Destapar la olla costó caro: corrupción, abandono y derrota

Conozco a Alejandro Navarro desde hace años. Conozco su modo de vivir, su manera de ser. Muchos —especialmente quienes no lo conocen de verdad— creen que, tras 28 años en el Congreso, debió enriquecerse como tantos otros. Se equivocan. Navarro nunca vivió como senador. Vive como ciudadano de a pie, sin ostentaciones, sin negocios en las sombras, sin la ambición que suele intoxicar a quienes se sientan por décadas en el Parlamento. Lo he visto con mis propios ojos: en casas modestas, trabajando codo a codo con la gente, haciendo suyas las causas sociales de los que no tienen voz. Por eso, me duele profundamente lo que ocurrió en la última elección de gobernador regional del Biobío.

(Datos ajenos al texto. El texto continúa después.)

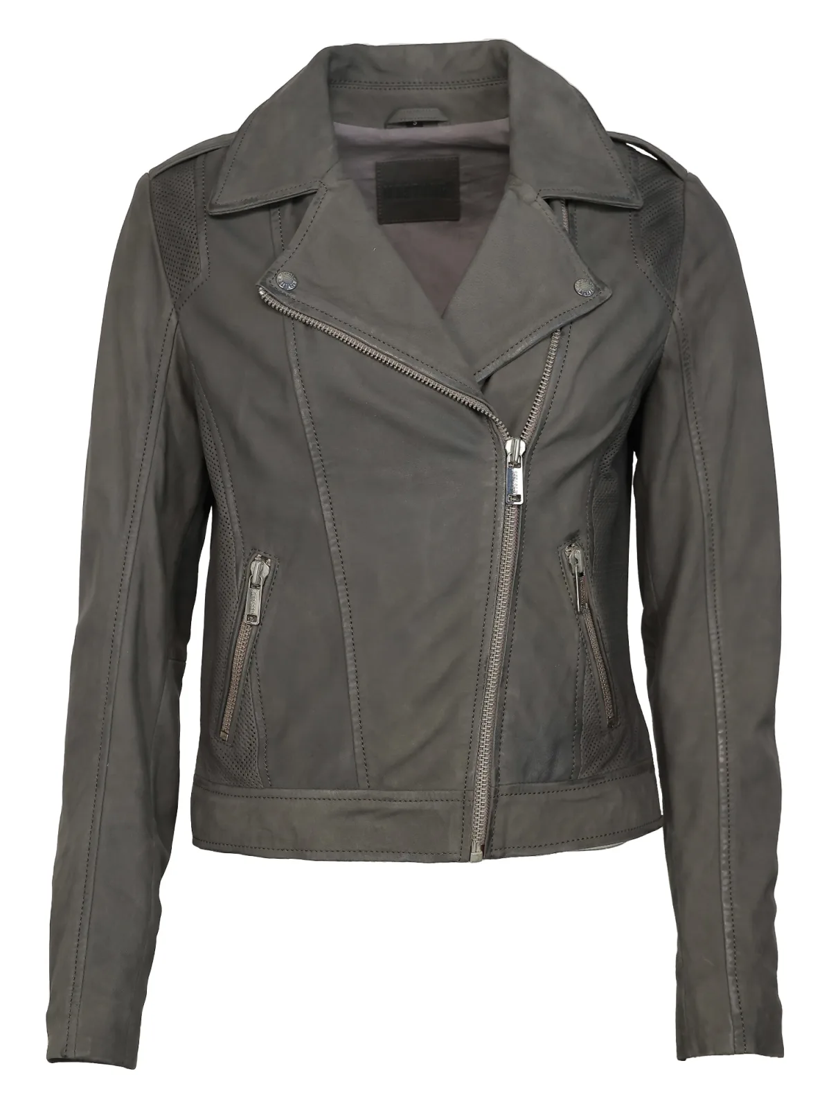 Design: Ritszakken aan de zijkant; Type sluiting: Ritssluiting; Type jas: Bikerjack; Voering: Licht gevoerd; Materiaal: Leer; Motief: Effen; Pasvorm: Normale pasvorm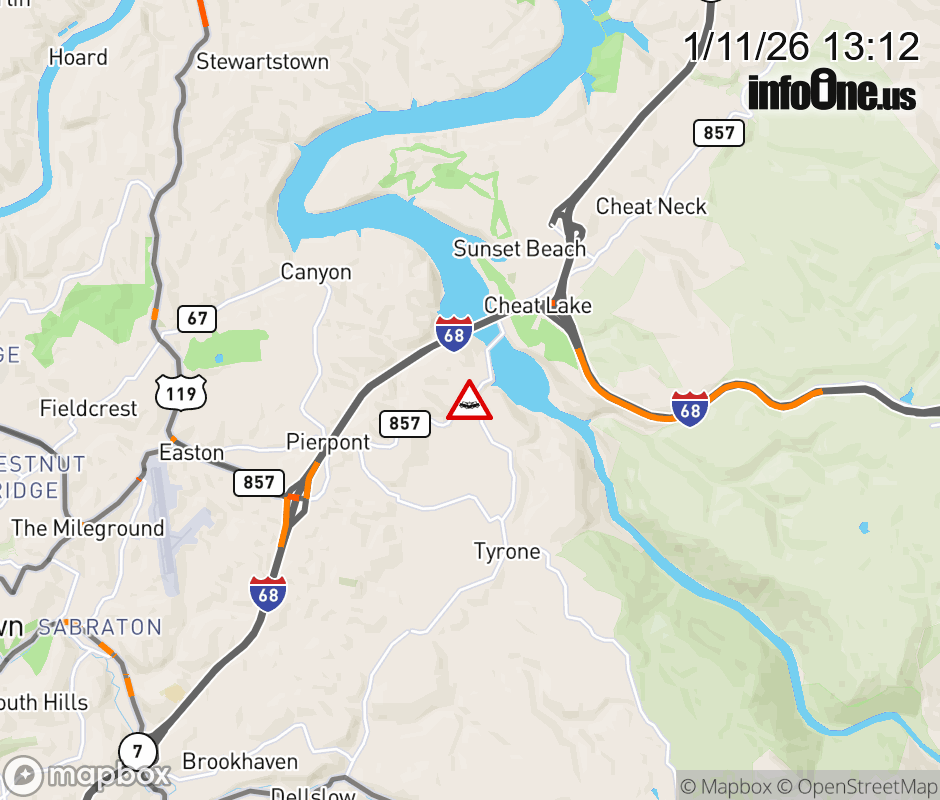 Vehicle Crash on CR-857 (Cheat Rd) & CR-75 (Tyrone Rd) in Morgantown. ![]() |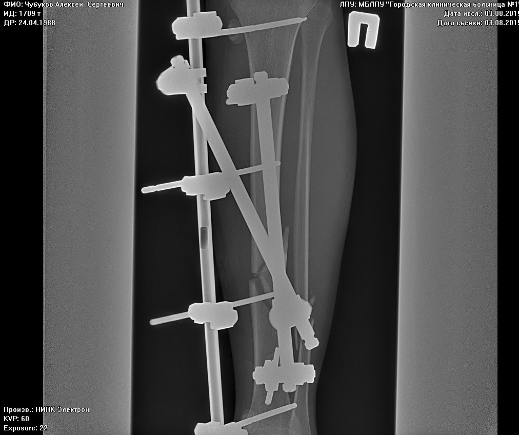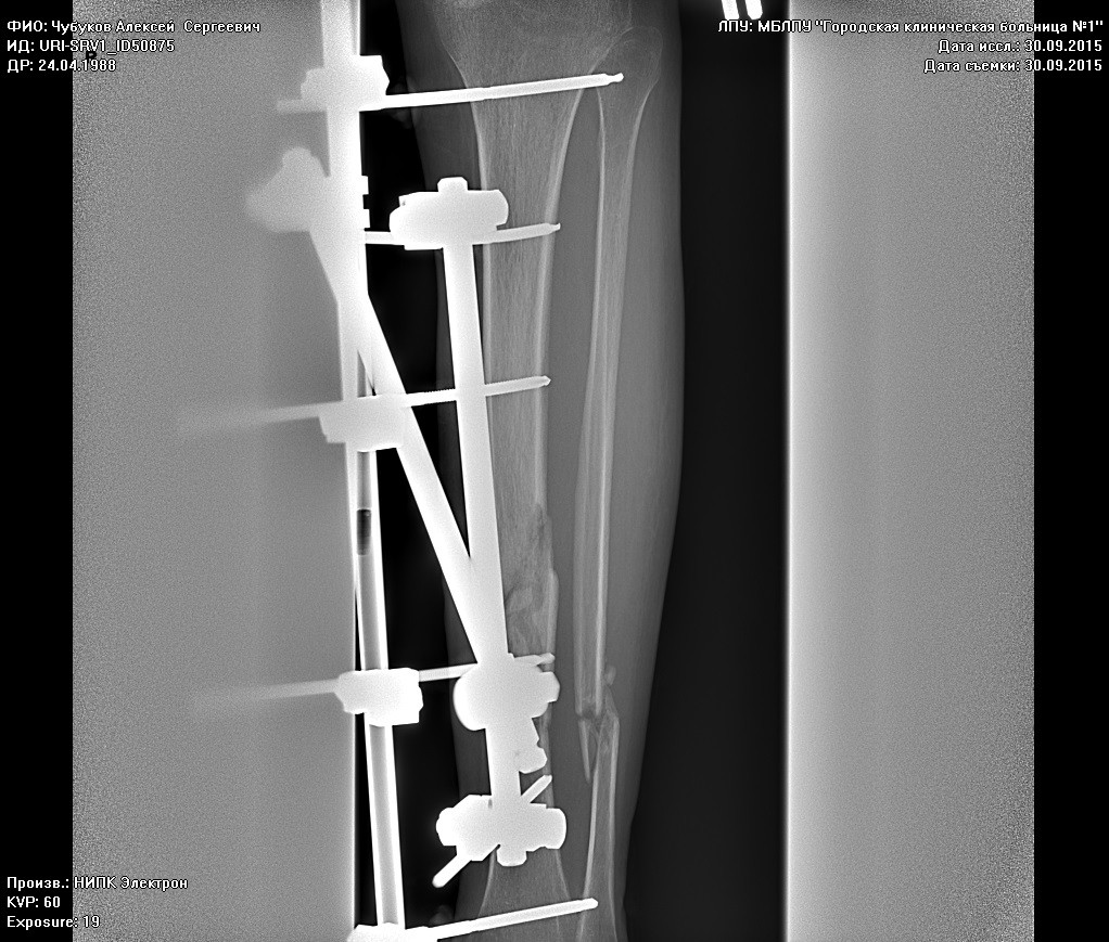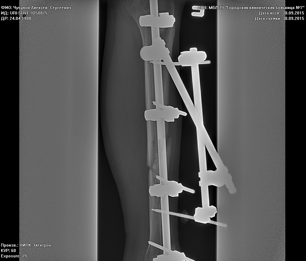 Вызывают скорую, минут 15 ожиданий, приезжает бригада, подозревают перелом, делают укол кеторола (подействовал только часа через 4), накладывают транспортировочную шину и увозят в больницу (ох уж что это за место, можно еще целую историю написать), со мной едет брат. Поднимают меня к дежурному врачу, тот достаточно болезненно пощупав синюшную к тому времени голень, говорит скорее всего перелом большеберцовой, надо рентген сделать, только вот проблема, кабинет в выходной не работает, а мобильный у второй бригады которая уехала в какой-то поселок. Матерюсь про себя, спрашиваю какой у меня прогноз если диагноз подтвердится. Врач взгрустнув заявляет, что с технологиями и квалификацией в тех краях туго, если останусь у них повесят на скелетное вытяжение, потом гипс, если плохо срастется будем снова ломать. Такой расклад меня в корне не устраивает, говорю что живу в Москве, спрашиваю врача, может мне туда стоит ехать? На что он говорит определенно стоит, там тебе могут остесинтез провести (тогда я еще не знал что это такое и врач не стал мне рассказывать). На том и решаем что я еду в Москву. Врач говорит "Ок, только давай рентген все таки сделаем, загипсуем тебя и отпустим на все четыре". Ждем бригаду с рентгеном, врач куда-то уходит, я остаюсь в приемном с братом. Время 18-30, с момента поступления прошел час, рентгена все нет, когда приедут неизвестно. Я уже весь в ярости ко всему что со мной произошло и от того сколько мы ждем этот рентген. Отправляю брата искать врача, чтоб накладывали мне гипс и мы поехали, нечего время терять.Спустя 10 минут поисков, возвращается брат со врачом, меня увозят в перевязочную, две медсестры накладывают мне гипс от пятки до бедра. Пишу отказ от медпомощи, напоследок врач говорит как приедете в Москву сразу вызывайте там скорую. С помощью брата и прыгая на одной ноге направляемся к прибывшей за нами машиной. Возвращаемся домой, там жена подготовилась и собрала наши вещи прыгаем в машину брата, мчимся в столицу.

Su eslogan era claro: “Vamos a destapar la olla”. Y no era una consigna vacía. Apuntaba a lo que hoy ya nadie puede negar: las redes de fundaciones —como Democracia Viva, Urbanismo Social y ahora Procultura— que manejaron millones en convenios directos con el Estado, sin licitación ni fiscalización seria. Navarro, con la claridad que da la experiencia y con la libertad de quien no necesita favores, lo dijo antes que todos. Y por eso lo dejaron solo.

No fue derrotado solo por la derecha. Fue derrotado por el silencio del gobierno, por la indiferencia del oficialismo, por el abandono de quienes prefirieron no mancharse apoyando a alguien que había tocado un nervio sensible: la corrupción interna. El gobierno del presidente Gabriel Boric guardó distancia y dejó que los medios instalaran la caricatura de siempre: Navarro como el “soldado de Maduro”. Pero esta vez no se lo atacaba por sus ideas internacionales, sino por algo mucho más peligroso para sus excompañeros de ruta: por haber puesto en duda la probidad de un sector del Frente Amplio.

Como escribió el sociólogo chileno Manuel Antonio Garretón, “la ética pública es una condición para que la democracia no se degrade en una mera técnica de administración del poder”. Navarro intentó preservar precisamente eso.

El sociólogo francés Jean-François Bayart ha estudiado cómo las redes de poder informal se infiltran en el Estado en lo que llama la política del vientre, una forma de clientelismo donde el acceso a recursos públicos pasa a ser el verdadero núcleo de la política. En este escenario, las fundaciones sirvieron como mecanismo para ampliar esa red paralela. Bayart explica que “la corrupción no es un accidente, es una modalidad de gobierno cuando fallan los controles” (Bayart, 1999).

Y Susan Rose-Ackerman, académica de Yale y referente mundial en estudios sobre corrupción, sostiene que cuando los gobiernos pierden la capacidad de autocontrol, las promesas éticas son sustituidas por “lealtades personales y pactos de silencio que erosionan el principio republicano” (Rose-Ackerman, 1999). Eso fue lo que ocurrió. En lugar de abrir espacio al debate, se castigó al que lo inició.

Lo más grave no es que estas prácticas existieran —la tentación del clientelismo ronda en todos los gobiernos—, sino que se haya aislado a quien se atrevió a denunciar. Mientras la Fiscalía investiga a la Fundación Procultura por posible financiamiento irregular de campaña, y mientras se destapan nuevas irregularidades en regiones como el Biobío, muchos que hoy se muestran sorprendidos ya sabían lo que pasaba. Pero callaron. O peor: apuntaron contra Navarro para protegerse a sí mismos.

El caso del exgobernador Rodrigo Díaz no puede omitirse. Bajo su administración se entregaron más de $1.200 millones en convenios directos a fundaciones como En Ti, con vínculos poco claros y ejecución cuestionada. Aunque no ha sido imputado penalmente, su figura aparece hoy como parte de una arquitectura institucional que, al menos, permitió la opacidad. Mientras tanto, quienes se atrevieron a hablar, como Navarro, fueron silenciados y marginados.

Navarro nunca fue parte de ese sistema. Su lucha fue siempre desde otro lugar: el del compromiso social, el trabajo de base, la política con contenido humano. Por eso, más allá de los resultados electorales, merece respeto. No por lo que representa, sino por lo que es: un hombre que eligió no enriquecerse, un político que optó por servir, un líder que no temió enfrentar a los suyos cuando sintió que se desviaban del camino.

Su derrota, con un 27% frente al 72% de Sergio Giacaman, fue también una señal de advertencia para el oficialismo: no basta con hablar de ética si se castiga a quienes la practican. “Vamos a destapar la olla” no era una amenaza. Era una promesa. Una necesidad. Y una verdad incómoda.

El tiempo, como casi siempre, terminó dándole la razón.